# RECORDED INFORMATION:
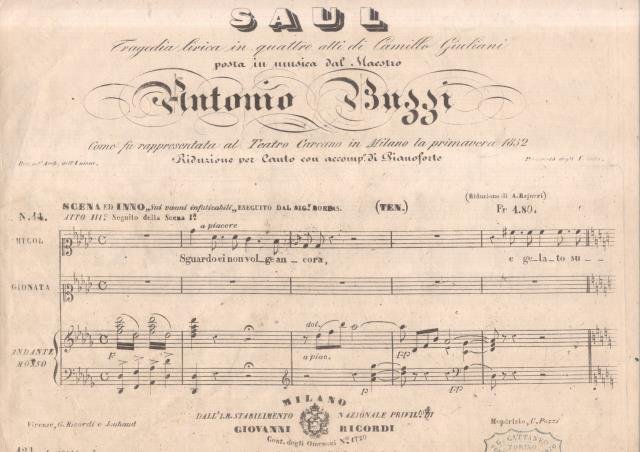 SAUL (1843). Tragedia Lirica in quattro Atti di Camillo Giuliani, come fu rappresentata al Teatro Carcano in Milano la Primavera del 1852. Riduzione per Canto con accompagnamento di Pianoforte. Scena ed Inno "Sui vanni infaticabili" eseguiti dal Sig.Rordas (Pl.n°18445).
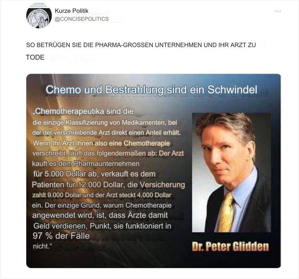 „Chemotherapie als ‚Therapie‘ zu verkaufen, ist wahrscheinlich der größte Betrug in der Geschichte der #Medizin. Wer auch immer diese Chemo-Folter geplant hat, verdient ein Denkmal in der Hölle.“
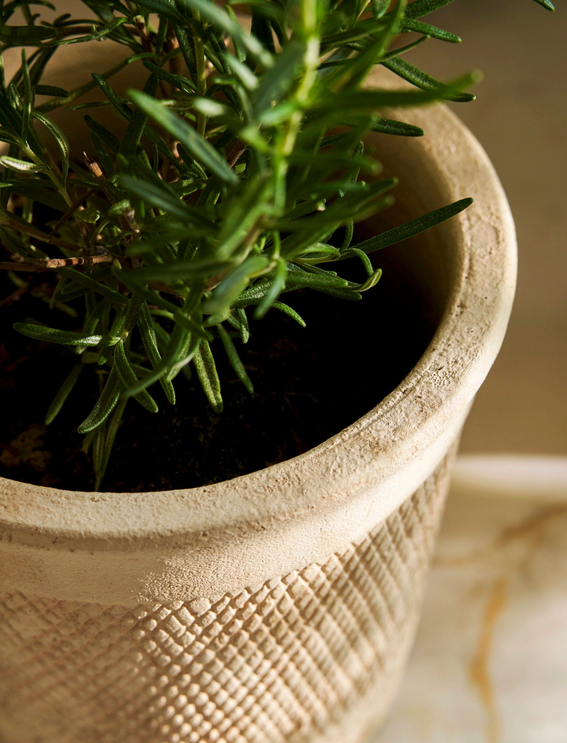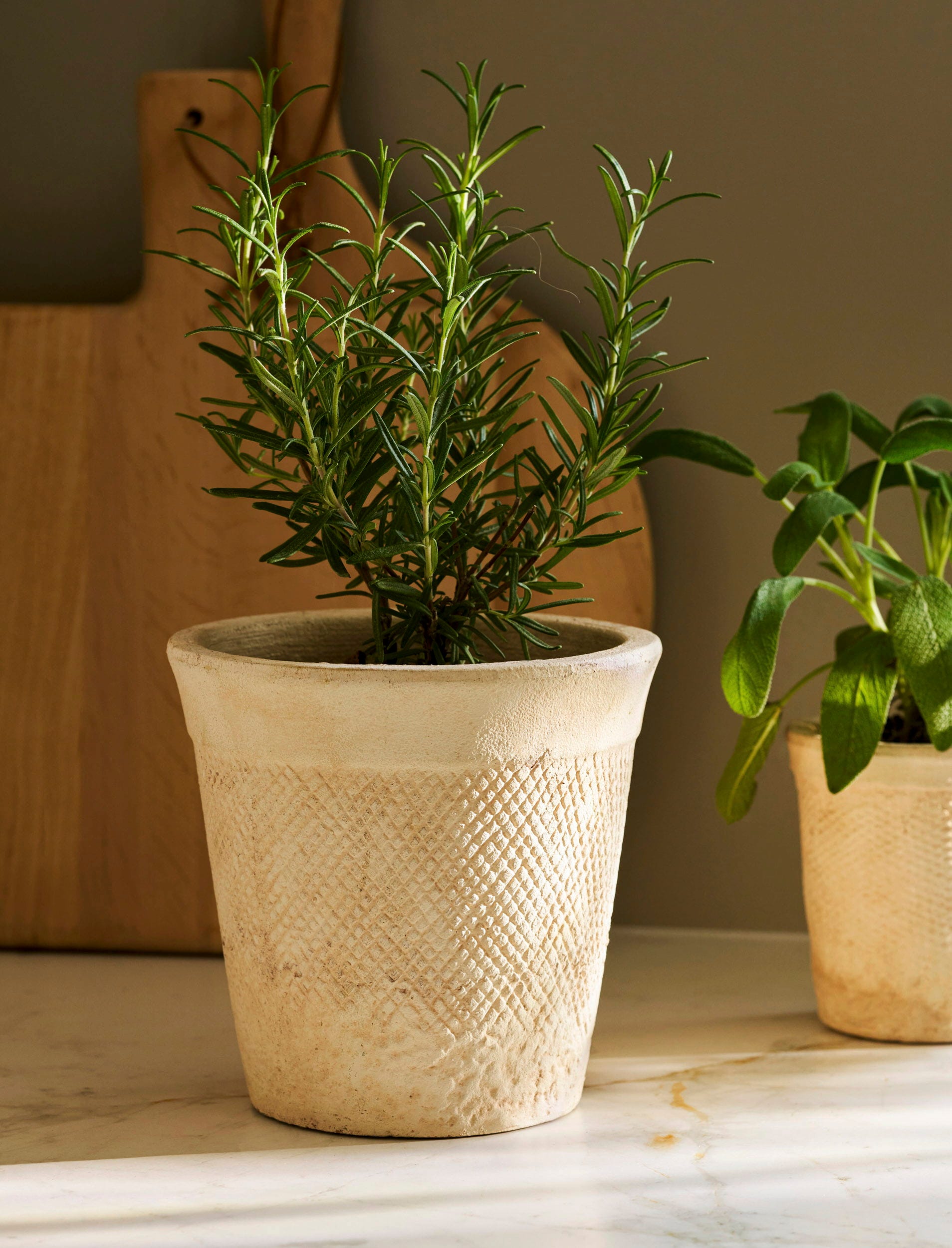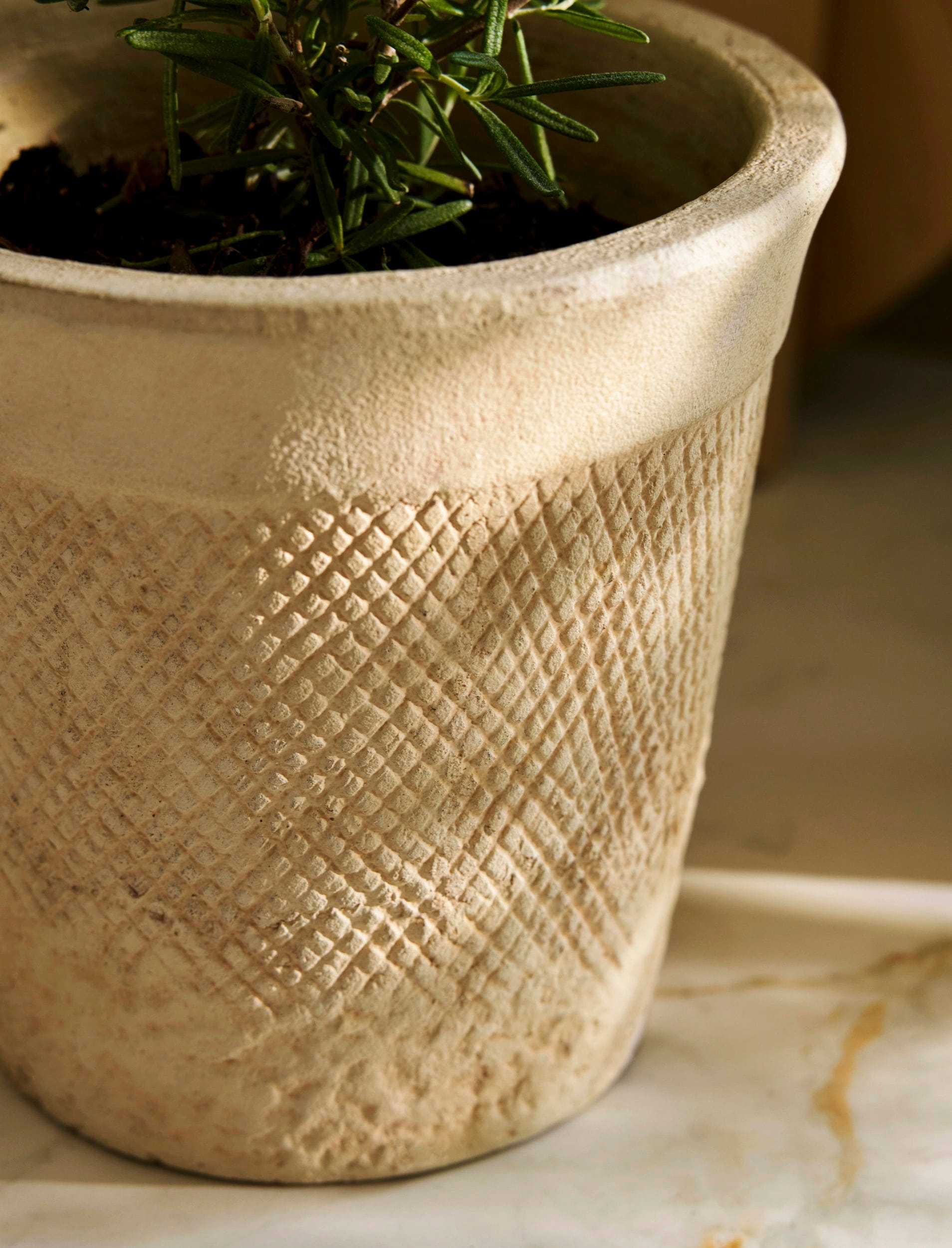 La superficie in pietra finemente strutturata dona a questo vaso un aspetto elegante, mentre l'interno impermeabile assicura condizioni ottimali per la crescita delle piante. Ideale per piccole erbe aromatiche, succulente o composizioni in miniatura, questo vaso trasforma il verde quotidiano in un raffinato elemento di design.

# PROBLEM DETAILS:
At the line containing "als ‚Therapie‘ zu", start reproducing exactly, and stop after the last line of the listing; include both ends, and leave the pictures out.

# EXERCISE RESULT:
 „Chemotherapie als ‚Therapie‘ zu verkaufen, ist wahrscheinlich der größte Betrug in der Geschichte der #Medizin. Wer auch immer diese Chemo-Folter geplant hat, verdient ein Denkmal in der Hölle.“
 La superficie in pietra finemente strutturata dona a questo vaso un aspetto elegante, mentre l'interno impermeabile assicura condizioni ottimali per la crescita delle piante. Ideale per piccole erbe aromatiche, succulente o composizioni in miniatura, questo vaso trasforma il verde quotidiano in un raffinato elemento di design.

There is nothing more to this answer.